Last December, the Ministry of Trade, Industry and Energy announced it developed what is called the “K-ESG index,” to enable the assessment of efforts for sustainable management, based on the Industrial Development Act. The Ministry plans to give certifications to businesses that satisfy the standards, so that they can keep up with global companies and investors demanding sustainable management.
The Financial Services Commission (FSC) will force all KOSPI-listed firms to disclose how they adhere to ESG factors starting in 2030. The Ministry of Finance and Economy also decided last month to request that public institutions disclose their work safety, environmental, and social contributions, as well as how they are working to improve work-life balance, starting in July.

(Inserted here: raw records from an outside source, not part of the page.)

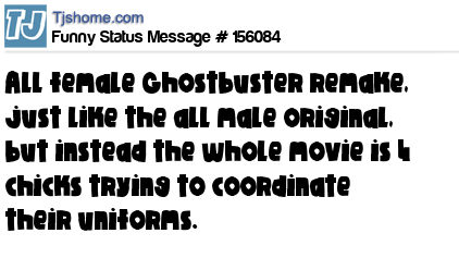 X says All female Ghostbuster remake, just like the all male original, but instead the whole movie is 4 chicks trying to coordinate their uniforms.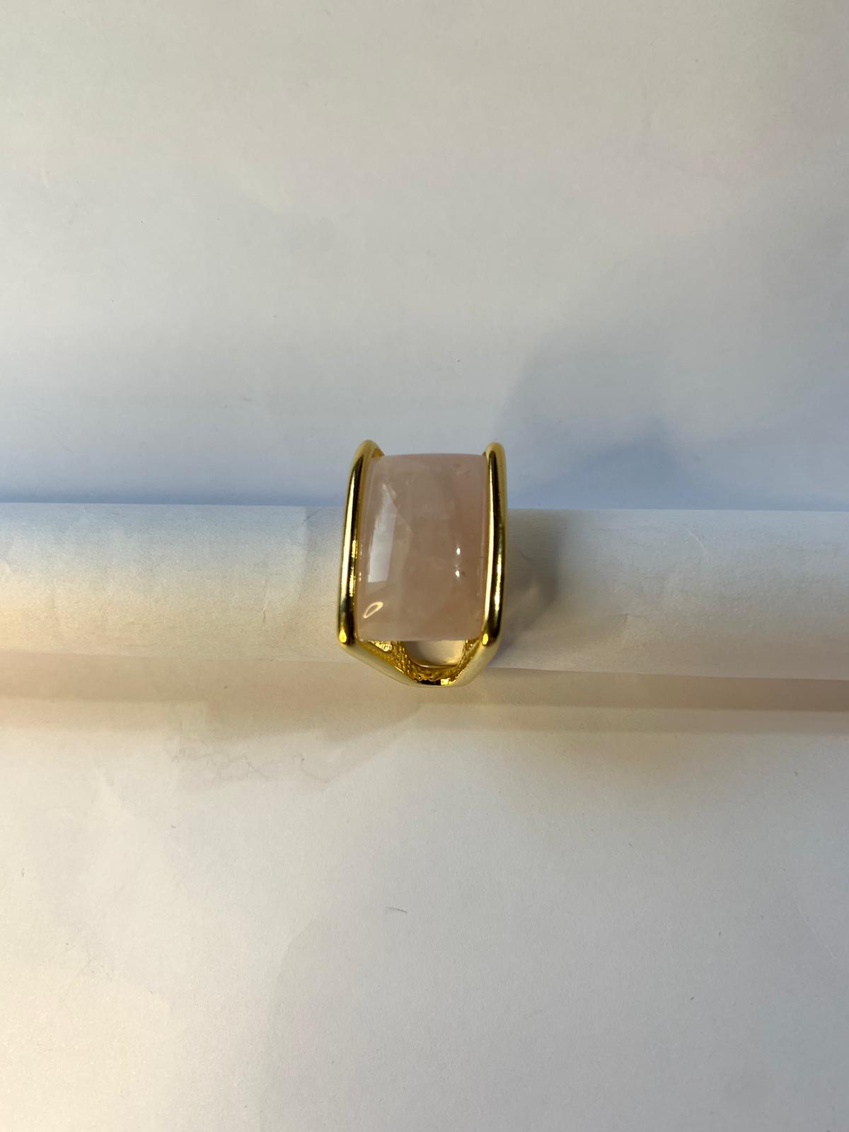 -El Cuarzo Rosa envuelve tu energía en ternura y el baño en oro realza su luz cálida.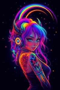 Colorful neon demon girl with tattoos, horns and glowing vibes.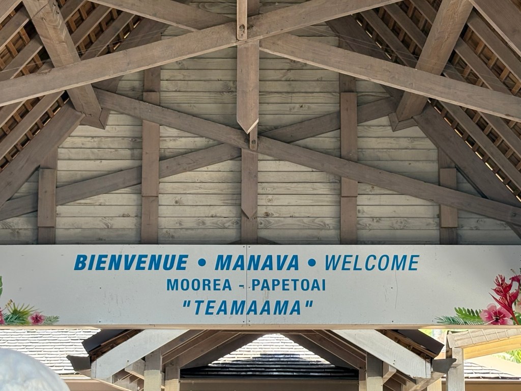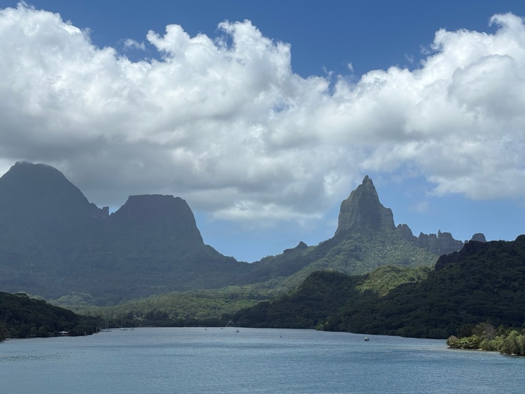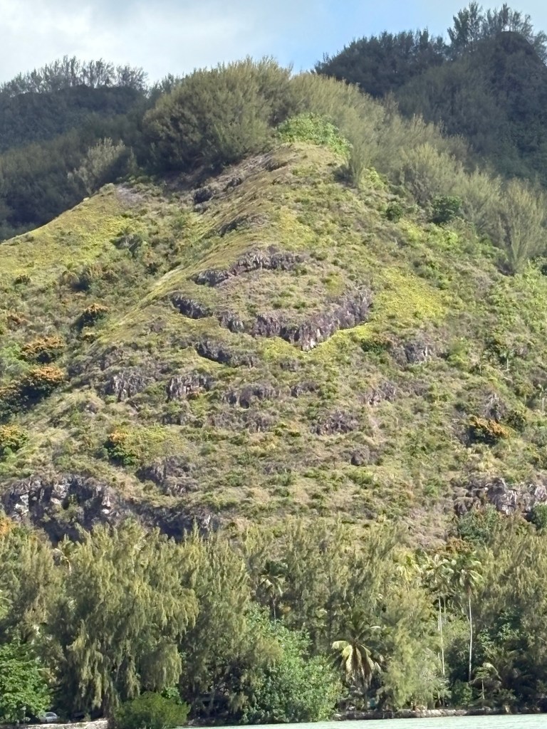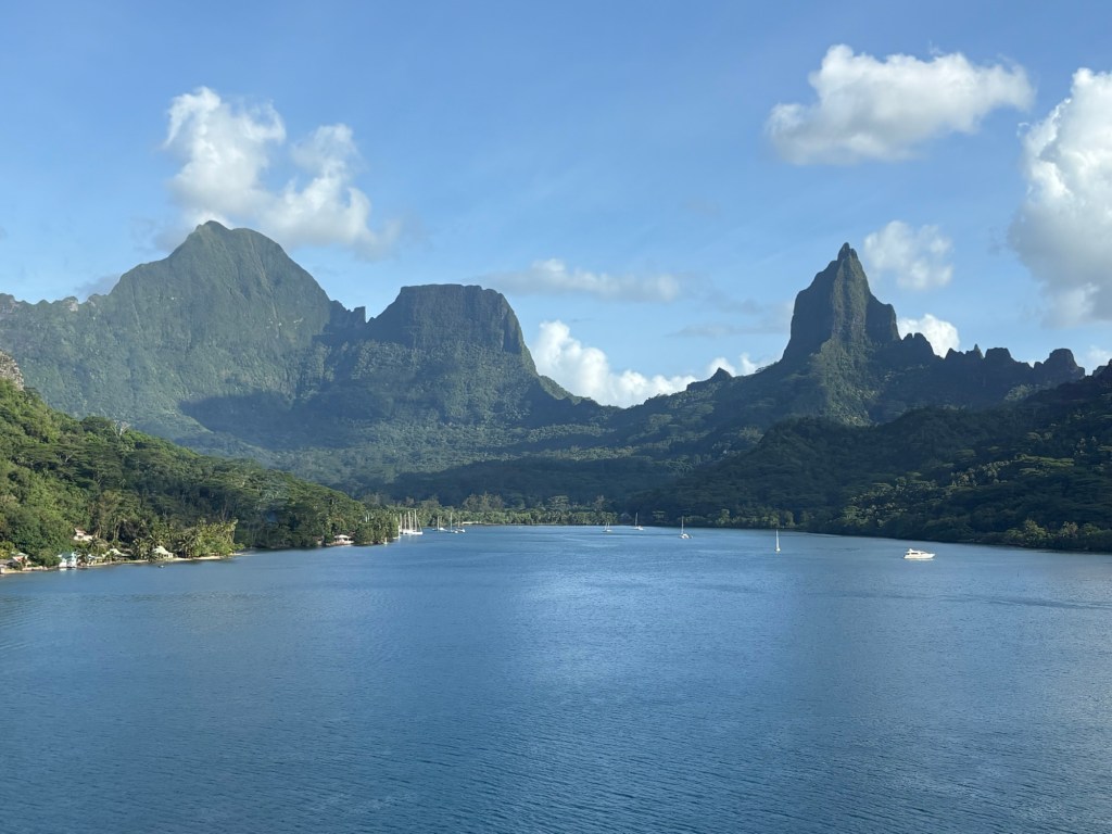Woke up this morning to the lovely site of land outside our window, and not just any land! Mo’orea means “yellow lizard” in Tahitian, and the island is supposed to look like a heart from the air. A true Love Island ❤️! Moorea is only 11 miles northwest of Papeete Tahiti where we were on Wednesday, but it is full of jagged volcanic mountains that give it a mystical look in my opinion. For contrast, I took the first picture below of what Moorea looks like when viewed from Tahiti, and the second picture below is a tiny slice of it from off our balcony while in port.
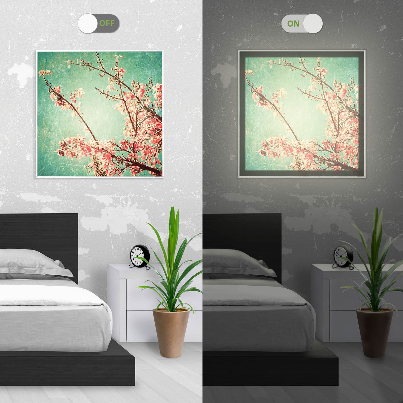 Im eingeschalteten Zustand wirft das Bild einen Schatten wie in der ersten Ansicht zu sehen.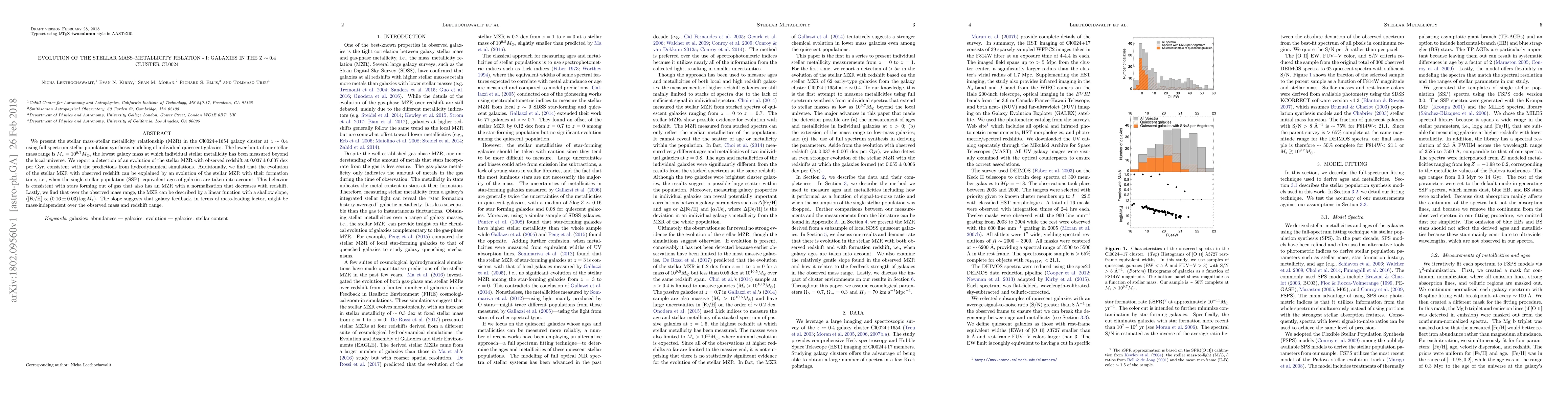 This study examines how galaxies in a cluster at redshift z~0.4 have evolved over time, finding that their stellar mass-metallicity relation changes with both redshift and galaxy age.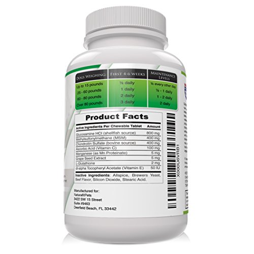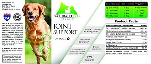 -. Title : Naturafitpets Premium Joint Support Supplement for Dogs 120 Delicious Beefy Tasting Chewable Tablets Glucosamine MSM and Chondroitin with Vitamin C and E for Healthy Hips and Joints.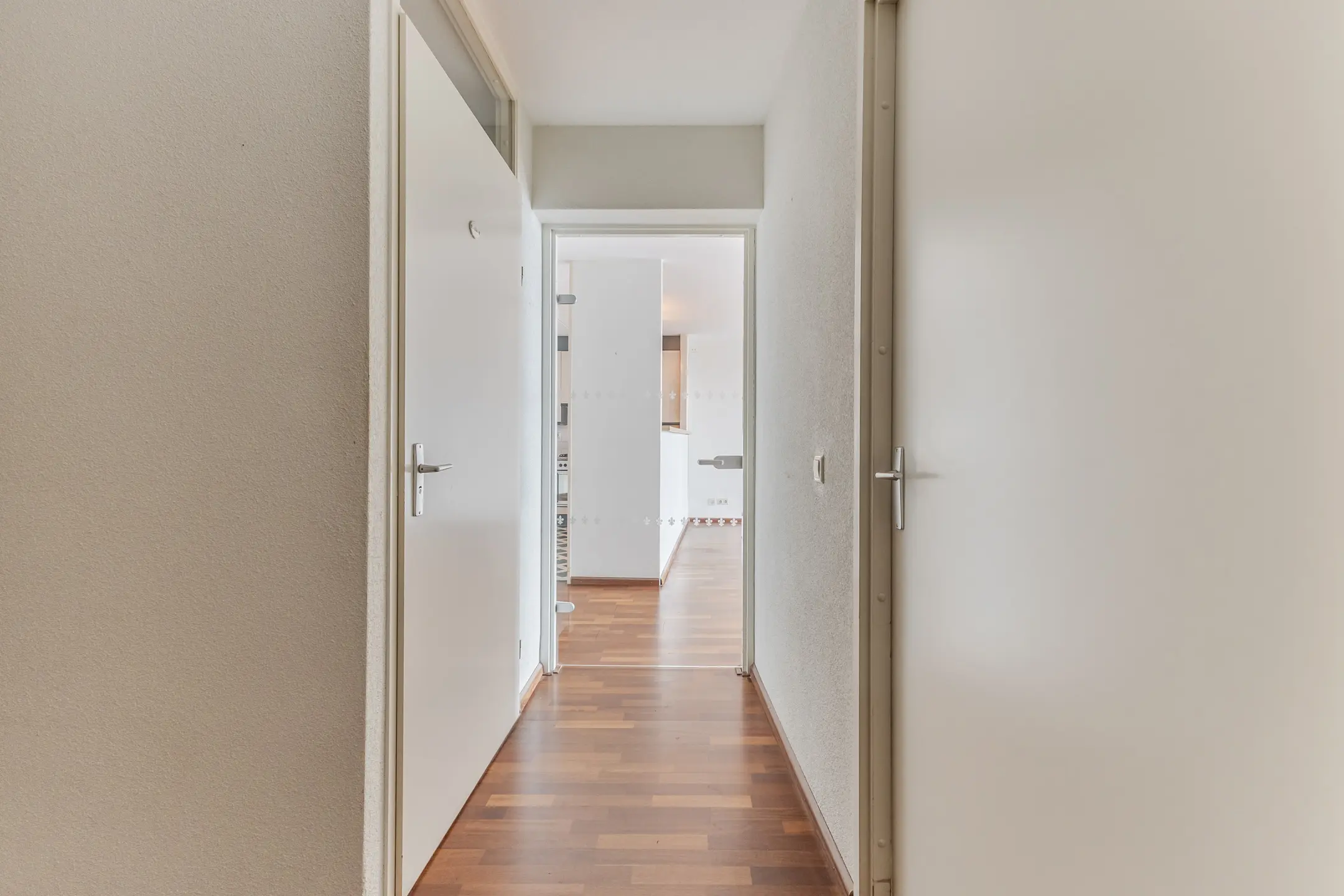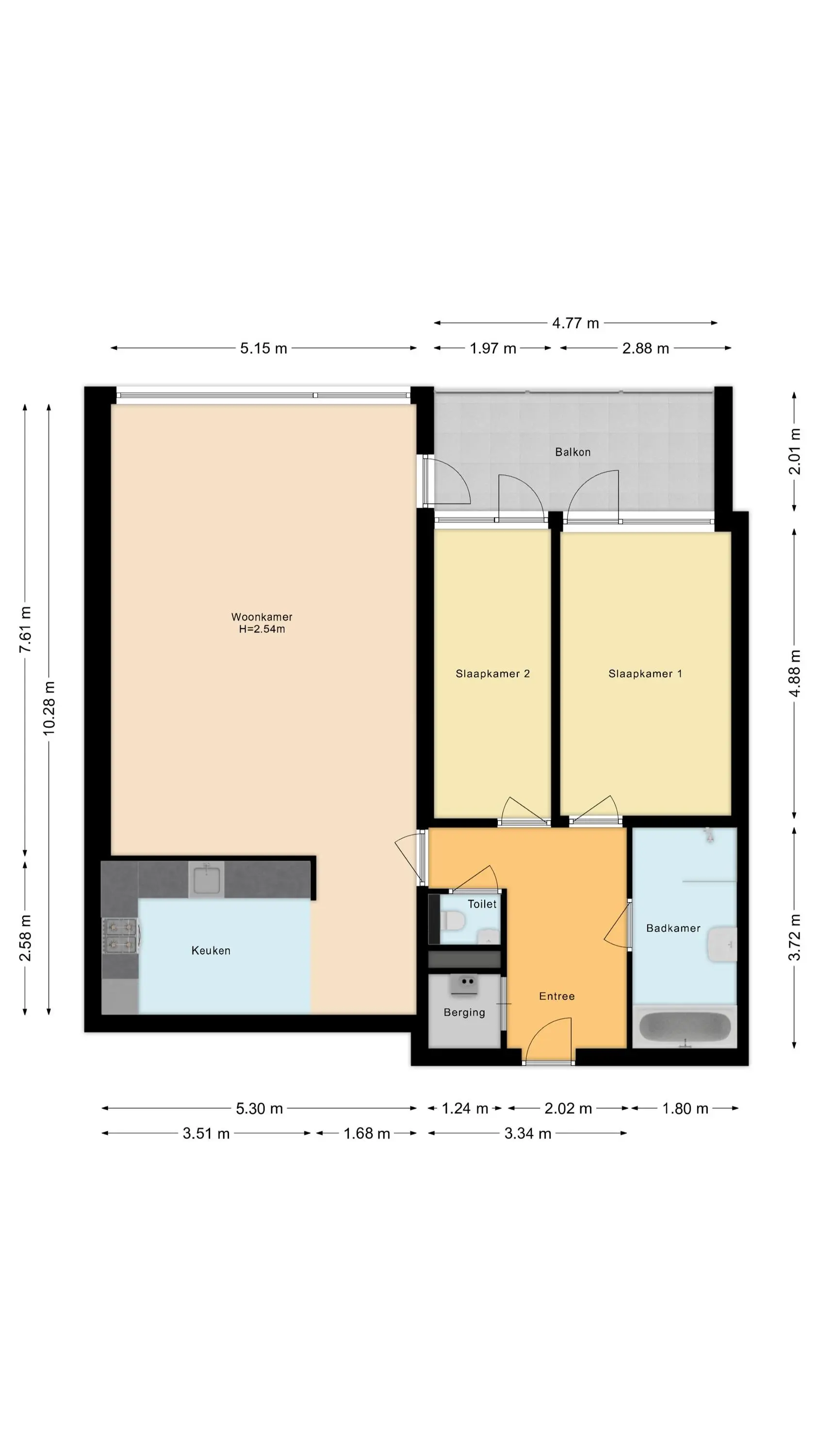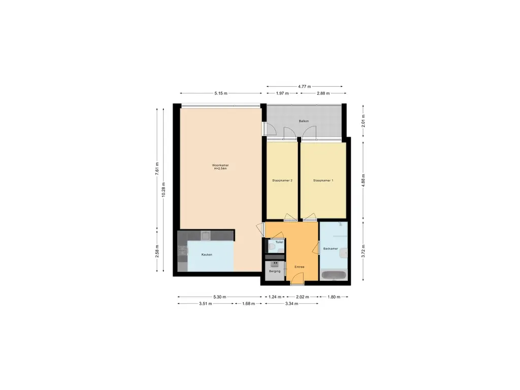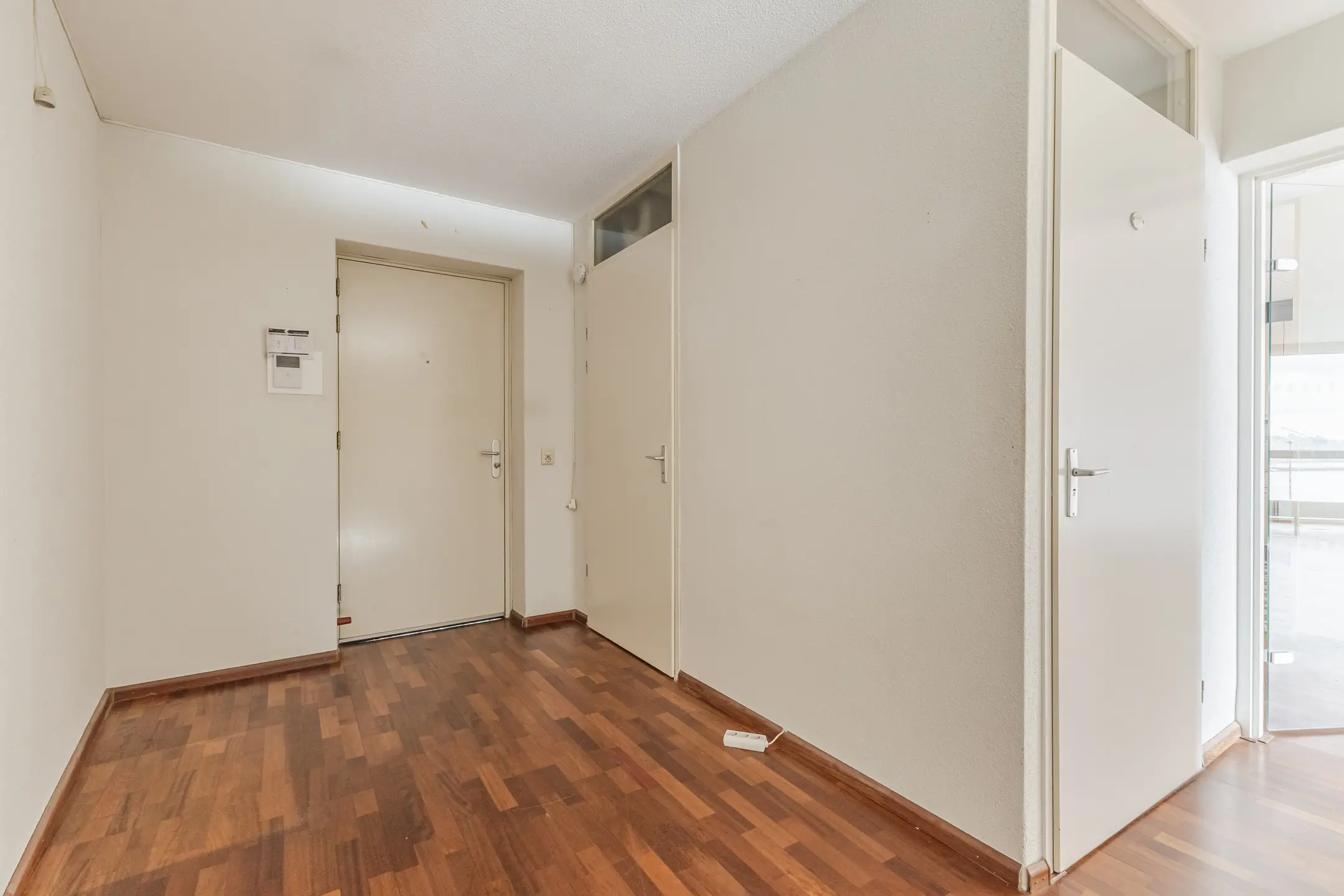 De entreehal biedt ruimte voor een garderobe en geeft toegang tot alle vertrekken: de lichte woonkamer met open keuken, twee slaapkamers, het toilet, de badkamer en de inpandige berging/wasruimte.

But this new series of policies has caused concern among experts over their effectiveness.
“The government should be careful about being hasty in accepting suggestions from certain institutions without assessing their effectiveness, and in its discussions with other market participants,” the Korea Corporate Governance Service's ESG business division head, Yoon Jin-soo, said. “It is important and meaningful for the government to pay attention to ESG issues, but the government should refrain from enforcing a unified standard.”
He advised the government to focus more on providing a forum for debate about ESG criteria, agreeing with other experts who emphasized the importance of the government playing a role as provider of the legal infrastructure to push for the implementation of ESG management principles and investments.
Regarding the mandatory measure requiring companies to disclose their adherence to ESG criteria, Yoon and other experts urged the government to implement the measure earlier.
“More objective and correct indices are needed to better compare each company's ESG performance, and the mandatory disclosure measure should be pursued speedier,” Samil PwC's director, Lee Bo-hwa, wrote in a recent report.
Korea Development Institute economist Kim Jung-wook said the government's role in bolstering the implementation of ESG principles is in enhancing the transparency of information, by providing investors with non-financial data for each company. The ruling Democratic Party of Korea (DPK) has also pressed the government to hasten the mandatory ESG disclosure measure.
Deputy Prime Minister and Finance Minister Hong Nam-ki, left, speaks with Alastair Wilson, head of Moody's Investors Service's sovereign risk group, during a teleconference at the Central Government Complex Seoul, Tuesday. Courtesy of the Ministry of Economy and Finance
The government as an “assistant” to businesses
In response, the government has hinted it will serve as an “assistant” to businesses, rather than forcing them to follow its ESG policies.
“For ESG principles to enhance the competitiveness of Korean businesses and industries, we will develop the Korean-style ESG index before the end of this year, help small- and medium-sized enterprises to improve their ESG capabilities and offer more incentives to companies already excelling in ESG practices,” Minister of Industry Sung Yun-mo said during the National Assembly's ESG Forum on Monday.
FSC Chairman Eun Sung-soo also vowed to support financial companies' ESG efforts, so as to help them adapt to the new ESG paradigm and to look for new growth opportunities.